On a straight track 

The latest and biggest gay icon at the moment was in a relationship with a boy at that time. The 2014 controversy broke the relationship as rumours of her being a ‘male’ put her boyfriend off.

“We broke off because of the androgenism issue. Sab log ladka ladka bolne lage the (I was being called a boy). He wasn’t comfortable with the whole issue and he called off the relationship. I was left alone to fight. But that was a long time ago. Now I am in a good place with my partner,” she adds.

In a year’s time, Dutee got a big relief as CAS partially upheld her appeal against the IAAF regulation on hyperandrogenism and granted her permission to compete as a women athlete, while giving the world body two year’s time to prove with scientific evidence the quantitative relationship between enhanced testosterone levels and improved athletic performance in hyperandrogenic athletes.
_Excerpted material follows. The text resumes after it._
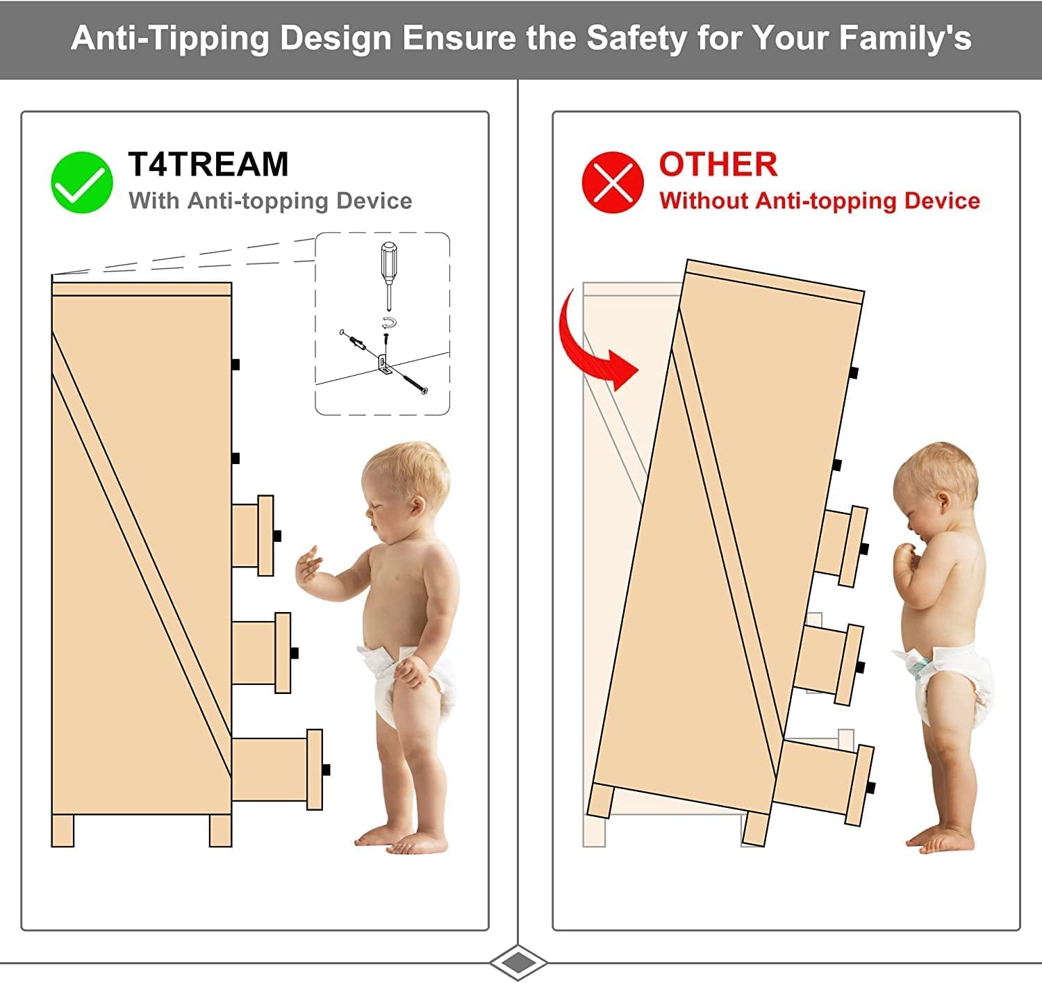 - 【Sturdy & Durable】The bedroom dresser is made of durable engineered wood for long term use, scratch resistant. No strong odor.The widened 2’’*2’’ dresser legs made the dresser does not slide easily, provide great durability and stability. With a support leg in the middle for added weight support.

While the world hailed that judgement, the athlete was treated like pariah back home. Dr Mitra, too, was heckled by a few athletes during the 2015 National Games in Thiruvananthapuram, while others refused to stay under the same roof with Dutee. A coach was happy to announce “Dutee Chand nahi Singh hai”. This was just the start of discrimination. “It was one of the worst phases of my life. After when I came back, I was told to stay alone as none of the girls wanted to share a room with me in the training base in Patiala. Previously we used to be housed on twin-sharing basis,” recalls Dutee. During this dark phase she found shelter in Pullela Gopichand’s academy campus in Hyderabad away from all this negativity.

Parental approval

Dutee says that she had broken the news of her relationship to her parents way back then and they were OK with it. “I told them I am in a relationship with a girl, and we are like ‘two sisters’. They told me do whatever I wanted as ‘it is your life’. But now they are criticising me because of my elder sister. She wants me to end this relationship,” claims the 23-year-old after the public spat with her sibling. She also dismisses Saraswati’s claims of blackmail or her plans to get married.

“We don’t get to spend enough time with each other as I stay mostly in Hyderabad for training. I visit her sometimes but I have a career as well. I am still looking to qualify and run at the Olympics. I have not come out to gain public sympathy neither will I marry for same ‘ki duniya ko kuch dikhana hai ye karke’. We haven’t decided on anything. 

“My sister thinks my partner’s family want to usurp my money and property. But let me clarify, it is my money and I will be the sole person to decide how I spend it. But I am not a fool that I will give everything to my partner’s family just because I am in love. I may help them from time to time but I won’t give them all,” she said.

All she wants at the moment is this storm to blow out. Until then she will keep slugging it out with whatever or whoever comes in way of her dreams.